The great cultural fallacy of industrialism, as developed up to the present
time, is that in harnessing machines to our uses it has not known how to avoid
the harnessing of the majority of mankind to its machines.

The telephone girl who lends her capacities, during the greater part of the
living day, to the manipulation of a technical routine that has an eventually
high efficiency value but that answers to no spiritual needs of her own is an
appalling sacrifice to civilisation. As a solution of the problem of culture
she is a failure — the more dismal the greater her natural endowment. As with
the telephone girl, so, it is to be feared, with the great majority of us,
slave-stokers to fires that burn for demons we would destroy, were it not that
they appear in the guise of our benefactors.

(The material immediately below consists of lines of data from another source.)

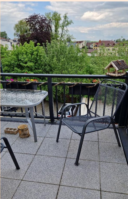
Balkon in ruhiger Lage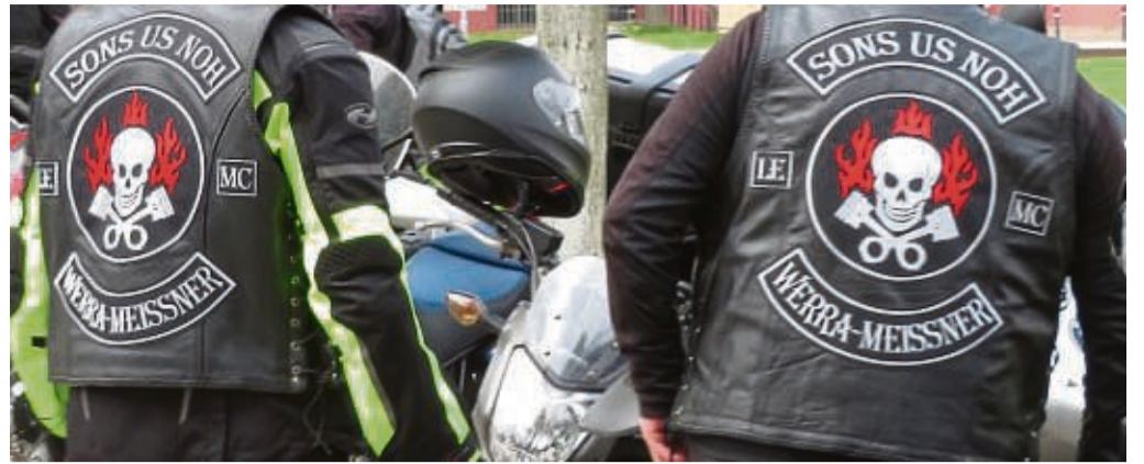
„Sons us Nordosthessen“: die Biker stehen auf der guten Seite des Gesetzes und wollen sich für karitative Zwecke einsetzen.

Die Freude am Motorradfahren steht bei der Bruderschaft im Fokus. Mehrere Wochenendtouren sind schon in Planung. Eine längere Tour über fünf oder sechs Tage soll in Eschweger Partnerstadt Regen führen. Auf die Landstraßen im Bayerischen Wald freuen sich die Biker schon. Nebenbei wollen sie aber mit ihrem Hobby auch Gutes tun. Deswegen planen sie bereits eine sogenannte Charity-Fahrt. Sie wollen eine geführte Tour für die Biker aus der Region und auch darüber hinaus anbieten. Dabei geht es zu den schönsten Attraktionen in Nordosthessen. Die Teilnahmegebühr soll dann karitativen Zwecken gespendet werden. Ein genauer Termin für die Ausfahrt steht noch nicht fest.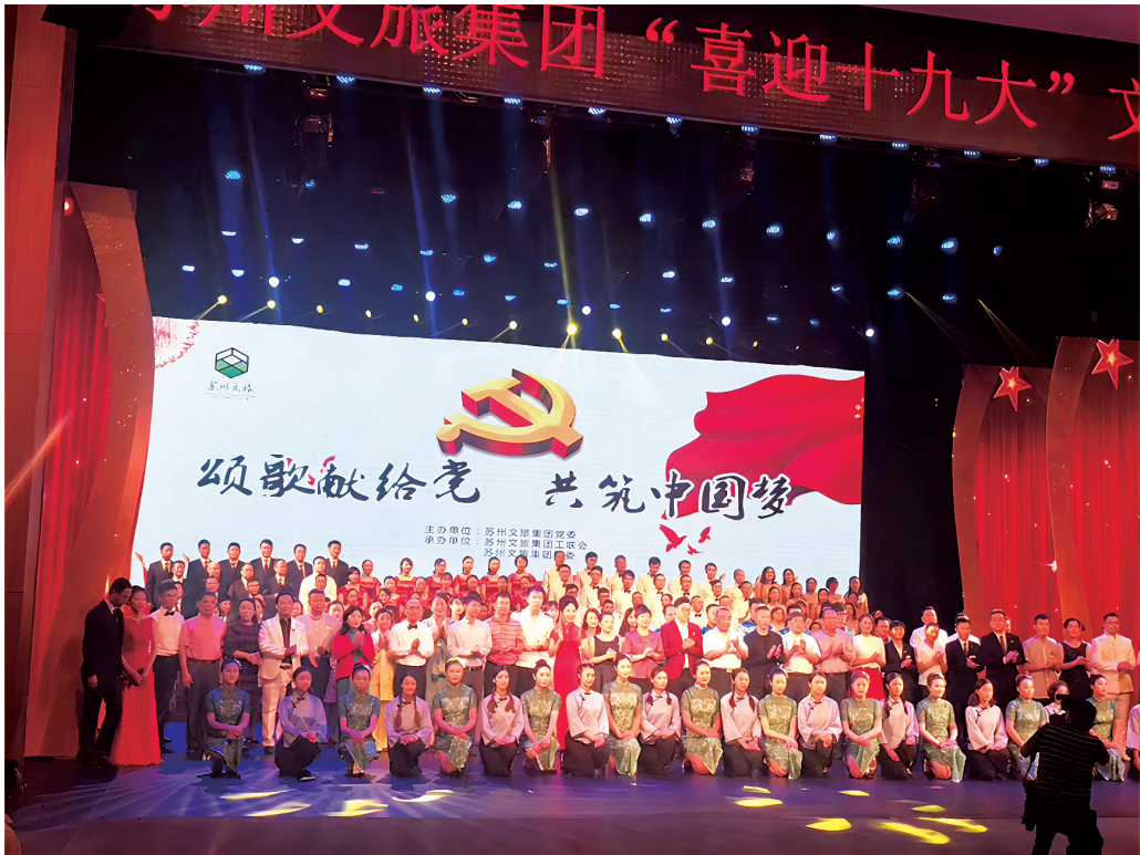
图4 企业导师团队在“苏州文旅集团“喜迎十九大”文艺汇演中荣获三等奖”

The American Indian who solves the economic problem with salmon-spear and
rabbit-snare operates on a relatively low level of civilisation, but he
represents an incomparably higher solution than our telephone girl of the
questions that culture has to ask of economics. There is here no question of
the immediate utility, of the effective directness, of economic effort, nor of
any sentimentalizing regrets as to the passing of the "natural man."

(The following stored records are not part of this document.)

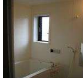
給湯・追炊き・シャワー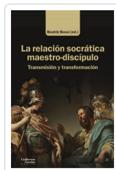
La relación socrática maestro-discipulo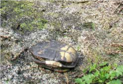
Diese Europäische Sumpfschildkröte wurde von einem Waschbär getötet

Seit etwa 10–12 Jahren finden sich in den letzten Vorkommen heimischer Sumpfschildkröten zunehmend geplünderte Nester, verletzte Tiere und Überreste gefressener Sumpfschildkröten. Diese Beobachtungen sind nur zum geringen Teil den zahlenmäßig gewachsenen Populationen heimischer Prädatorenarten wie Wildschwein, Fuchs und Dachs zuzuschreiben. Der inzwischen als „Schildkrötenkiller“ bedeutendste Fressfeind einheimischer Sumpfschildkröten ist der Waschbär, der sich seit Ende der 1990er-Jahre auch in Norddeutschland mit zunehmender Häufigkeit ausbreitet. Aufgrund seiner ausgesprochenen Lernfähigkeit und optimierten Jagd- und Sammeltechnik im Flachwasser ist der Waschbär in der Lage, sich sehr schnell lokale Sumpfschildkrötenbestände aller Altersklassen als Nahrungsressource zu erschließen. Darüber hinaus findet er auch Gelegeplätze und plündert die Nester. Dieselbe Bedrohung geht von dem etwa zeitgleich eingewanderten Marderhund (Ursprungsgebiet Ostasien) aus.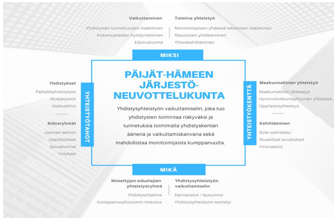
Kuva 1. Kuva Päijät-Hämeen järjestöneuvottelukunnan roolista ja tehtävistä.

Järjestöneuvottelukunta on yhdistysyhteistyön vaikuttamistoimielin, joka tuo yhdistysten toimintaa näkyväksi ja tunnetuksi toimimalla yhdistyskentän äänenä ja vaikuttamiskanavana sekä mahdollistaa monitoimijaista kumppanuutta. Järjestöneuvottelukunnan tehtävänä on edistää järjestöjen toimintaedellytyksiä ja vaikuttamismahdollisuuksia sekä lisätä yhteiskehittämistä ja kumppanuutta hyvinvoinnin, terveyden ja turvallisuuden edistämiseksi. Aluehallitus asettaa neuvottelukunnan ja päättää sen kokoonpanosta. Yhdyspintaneuvottelukunnan tehtävänä on edistää hyteen liittyvää yhteistyötä alueella, edustus: kunnat, hyvinvointialue, maakuntaliitto sekä järjestöedustajat järjestöneuvottelukunnasta.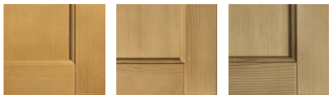
BISCOTTO V04 PAGLIAFIENO V16 MALTO V80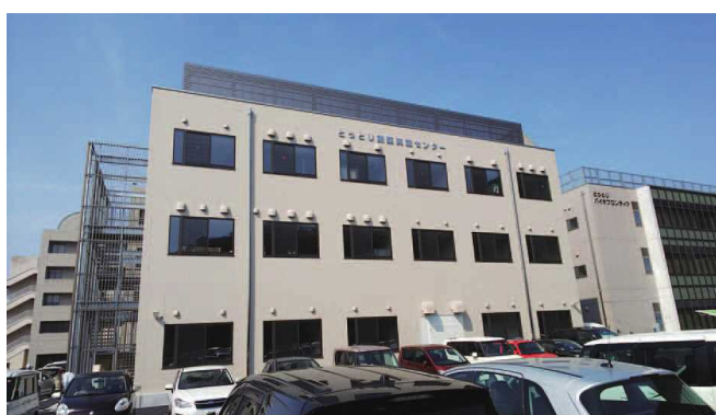
とっとり創薬実証センター

The Indian's salmon-spearing is a culturally higher type of activity than that
of the telephone girl or mill hand simply because there is normally no sense
of spiritual frustration during its prosecution, no feeling of subservience to
tyrannous yet largely inchoate demands, because it works in naturally with all
the rest of the Indian's activities instead of standing out as a desert patch
of merely economic effort in the whole of life.

A genuine culture cannot be defined as a sum of abstractly desirable ends, as
a mechanism. It must be looked upon as a sturdy plant growth, each remotest
leaf and twig of which is organically fed by the sap at the core. And this
growth is not here meant as a metaphor for the group only; it is meant to
apply as well to the individual.

A culture that does not build itself out of the central interests and desires
of its bearers, that works from general ends to the individual, is an external
culture. The word "external," which is so often instinctively chosen to
describe such a culture, is well chosen. The genuine culture is internal, it
works from the individual to ends.

-Edward Sapir